Trials we cannot trust: investigating their impact on systematic reviews and clinical guidelines in spinal pain, 2023, O'connell et al

EndME

Senior Member (Voting Rights)
Highlights
  • A group of trials with trust concerns had major impacts on the results of systematic reviews and clinical guidelines.
  • They substantially impacted effect sizes and influenced the conclusions and recommendations drawn.
  • There is a need for a greater focus on the trustworthiness of studies in evidence appraisal.
Abstract

We previously conducted an exploration of the trustworthiness of a group of clinical trials of cognitive behavioural therapy (CBT) and exercise in spinal pain. We identified multiple concerns in eight trials, judging them untrustworthy. In this study, we systematically explored the impact of these trials (“index trials”) on results, conclusions and recommendations of systematic reviews and clinical practice guidelines (CPGs).

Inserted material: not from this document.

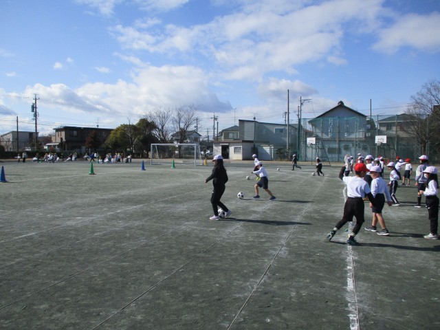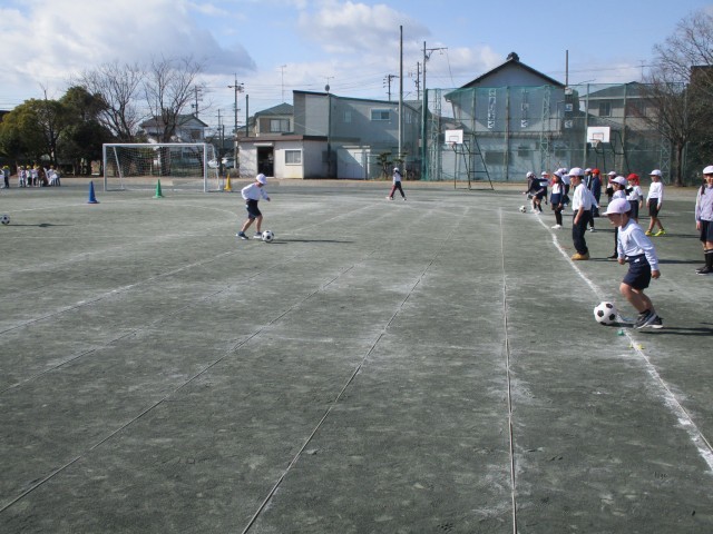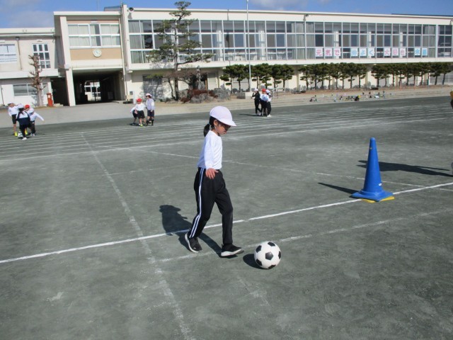 上手にドリブルをしてカラーコーンを回って次の人にボールを届けます。
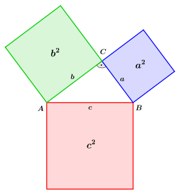 In geometrischer Deutung ist demnach in einem rechtwinkligen Dreieck die Summe der Flächen der beiden Quadrate über den Katheten gleich der Fläche des Quadrats über der Hypotenuse.

We conducted forward citation tracking using Google Scholar and the citationchaser tool, searched the Guidelines International Network (GIN) library and National Institute of Health and Care Excellence (NICE) archive to June 2022 to identify systematic reviews and CPGs. We explored how index trials impacted their findings. Where reviews presented meta-analyses, we extracted or conducted sensitivity analyses for the outcomes pain and disability, to explore how exclusion of index trials affected effect estimates.

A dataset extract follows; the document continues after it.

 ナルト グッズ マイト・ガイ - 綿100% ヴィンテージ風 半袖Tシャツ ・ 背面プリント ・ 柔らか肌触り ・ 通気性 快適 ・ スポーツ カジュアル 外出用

We developed and applied an ’Impact Index’ to categorise the extent to which index studies impacted their results. We included 32 unique reviews and 10 CPGs. None directly raised concerns regarding the veracity of the trials. Across meta-analyses (55 comparisons), removal of index trials reduced effect sizes by a median 58% (IQR 40 to 74). 85% of comparisons were classified as highly, 3% as moderately, and 11% as minimally impacted. Nine out 10 reviews conducting narrative synthesis drew positive conclusions regarding the intervention tested. Nine out of 10 CPGs made positive recommendations for the intervention(s) evaluated. This cohort of trials, with concerns regarding trustworthiness, has substantially impacted the results of systematic reviews and guideline recommendations.

Perspective
We found that a group of trials of CBT for spinal pain with concerns relating to their trustworthiness have had substantial impacts on the analyses and conclusions of systematic reviews and clinical practice guidelines. This highlights the need for a greater focus on the trustworthiness of studies in evidence appraisal.

https://www.jpain.org/article/S1526-5900(23)00467-4/fulltext
 
Last edited by a moderator:
You need to be able to give useless studies zero weight in reviews, instead of a very small weight.

This is what GRADE fails on. If a study is too open to bias to be interpretable it should score zero. There is no logical justification for just 'downgrading' a pip or two.

Or even negative weight.

And this as well. The PACE study provides us with very robust evidence for CBT and GET not producing a cost effective benefit. If there is any benefit it is too small to be worth it. Since it was a big trial whose authors did their darnedest to get a positive result from it should carry very significant negative weight.
 
You need to be able to give useless studies zero weight in reviews, instead of a very small weight.
Somehow doesn't seem to have the same impact, when comparing the response to NICE vs. to IQWIG, which simply discarded all but 3 trials for being too biased to use. Or maybe since the conclusions remain mostly the same, they just don't care about their work being rated as too poor to even consider.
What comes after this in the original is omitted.